The moisture regain of PNIPAM-modified cotton is higher than that of the unmodified fabric at an atmospheric temperature of 25 °C. The results of moisture regain are significantly reversed when the atmosphere temperature is increased to 40 °C; the moisture regain of the modified cotton is lower than that of the raw cotton. Fig. 2 shows that the moisture regain of the unmodified cotton minimally increases with the increasing temperature; hence, high temperature causes higher rates of diffusion of water molecules in the less crystalline areas of cellulose. This phenomenon is attributed to the hydrophilic property of the PNIPAM line at LCST; the exposed acid amide groups can also interact with water molecules by forming hydrogen bonds. More repeat functional hydrophilic units exist on the fabric with polymer brushes compared with the unmodified cotton. Water vapors permeate into the internal structure of the cotton fibers by promoting the hydrophilic PNIPAM brushes as the interfacial bridge. At ambient temperatures higher than the LCST of PNIPAM brushes, the acid amide groups are interiorly reversed to the inner part of the polymer brushes and the interfacial property becomes hydrophobic. The hydroxyl groups on the surface of the cotton fibers are also replaced; hence, water molecules cannot be incorporated with the chemical groups on the cotton surface, restricting permeation into the fiber. The translation from hydrophobic to hydrophilic plays a role as functional “sudoriferous pore”, which can control water absorption from the atmosphere to the cotton fibers as the temperature changes. Supporting experiments were further conducted to confirm this deduction. PNIPAM brushes were grafted on the polypropylene (PP) fabric surface, whose moisture regain is 160 times lower than that of the cotton. The grafted PNIPAM brushes exhibit limited effect on the water absorption of PP fabrics, and water could hardly permeate into the PP fabrics. Consequently, PNIPAM brushes play a role as sudoriferous pore to control the absorption of water. At temperature higher than LCST, the moisture fills up the inter-fiber and inter-yarn cellulose of the cotton. Conversely, the water molecules are hardly absorbed by the cotton fabrics when the temperature is lower than LCST. The observed phenomena are attributed to the responsiveness of the grafted polymer brushes, which function as a sensor of temperature and as a valve to regulate water vapor permeability into the modified cotton.

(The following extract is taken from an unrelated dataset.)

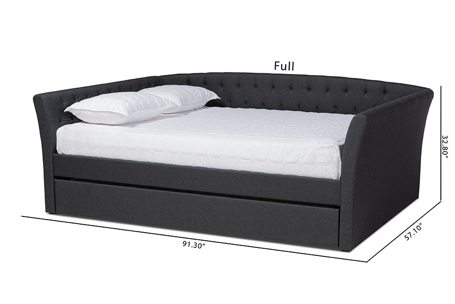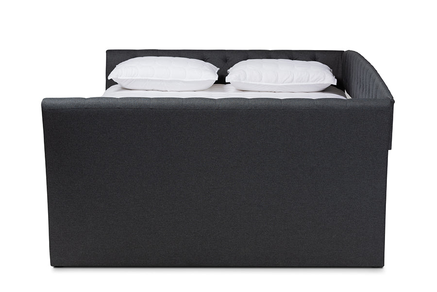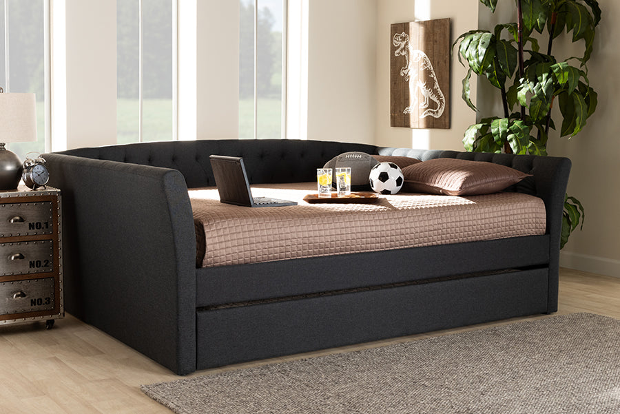 A comfortable place to lounge or sleep, the Jackson daybed brings versatility to any space. This wood daybed is upholstered in a soft, resilient polyester fabric and is padded with foam for the utmost comfort. Flared arms and elaborate button tufting lend a classic, refined look. Designed for both style and function, the Jackson is fitted with a roll-out twin size trundle bed to provide convenient accommodation for overnight guests. The Jackson daybed is made in Malaysia and requires assembly.

In hot climates or when exercise levels are high, sensible perspiration (in liquid form) is the main mechanism of metabolic heat loss to maintain body safety. Liquid sweat can transfer from next-to-skin to the outer surface to maintain dry skin, which is the main factor in comfort. The hygroscopicities of PNIPAM-modified and unmodified cotton fabrics were investigated at 25 and 40 °C. The experiment was performed in a normative laboratory by using equipment with controllable temperature and humidity.

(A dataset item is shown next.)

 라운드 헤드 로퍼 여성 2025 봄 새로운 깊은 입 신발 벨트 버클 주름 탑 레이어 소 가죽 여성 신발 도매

Hygroscopicity significantly differs between the samples unmodified and modified with PNIPAM brushes. The hygroscopic performance of cotton modified with PNIPAM brushes is higher than that of the pure cotton fabrics at 25 °C, which is lower than LCST. However, at an ambient temperature of 40 °C, the hygroscopic performance of PNIPAM brushes grafted on cotton fabrics is lower than that of the cotton fabrics and an evident conversion is also observed. These results indicate minimal changes in PNIPAM/water interactions, particularly the release of water molecules from a polymer hydration layer into bulk water.

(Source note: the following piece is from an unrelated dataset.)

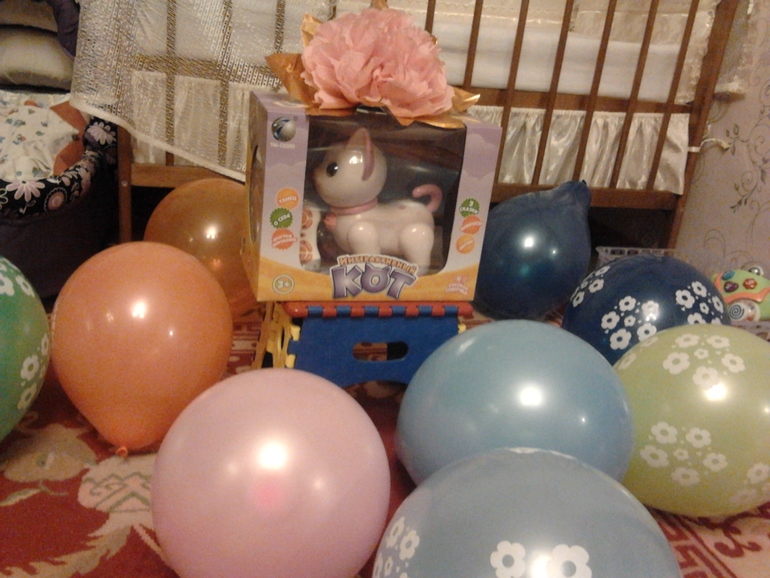 Утро началось с воздушных шариков и подарка от мамы.

The contact angle of a textile indicated its wettability air, which is critical to provide comfortable undergarment. The water contact angles of the modified cotton fibers are measured at 25 and 40 °C. Fig. 3a demonstrates a significant difference (7–8°) among the two different temperatures. The changes on the contact angle depending on different temperatures are attributed to the surface of PNIPAM polymer brushes. This surface exhibits a reversible switching between hydrophobic and hydrophilic as a consequence of the complex polarity of the molecules. A balance exists between the hydration at the amide groups and the hydrophobic aggregation of the isopropyl groups. At temperatures lower than LCST, the amide group on the polymer brushes binds to the water molecules via hydrogen bonding to form an interfacial expanded structure (Fig. 3b). By contrast, the formed hydrogen bonds break, the polymer brushes expel water, and the polymer chains dehydrate to form a shrunken structure at temperatures higher than LCST.

Fig. 3 Surface contact angle of cotton fabrics grafted with PNIPAM polymer brushes and control during washing cycles at 40 and 25 °C, respectively (a) and the mechanism of the responsive interfacial phenomenon with water (b).

The water contact angles of the modified cotton fibers versus the washing cycles are also presented and investigated in the figure. The contact angle is continuously maintained at a specific level throughout the wash cycles and shows minimal hydrophilic recovery (ΔCA < 3°). This finding indicates that the polymer brushes with high adhesion force with the cotton substrates. Moreover, cotton fabrics grafted with the PNIPAM brush layer via ATRP is durable for normal dress.

An IR camera was used to investigate the body surface temperature and reveal the variation in the temperature, thus determining the thermoregulation capabilities of PNIPAM-modified fabrics worn on a human body. A wearable glove grafted with PNIPAM brushes was worn on a volunteer's hand, and an unmodified glove was worn on the other hand. Experiments were carried out in a climate chamber at accurately controlled temperatures of 25 and 40 °C.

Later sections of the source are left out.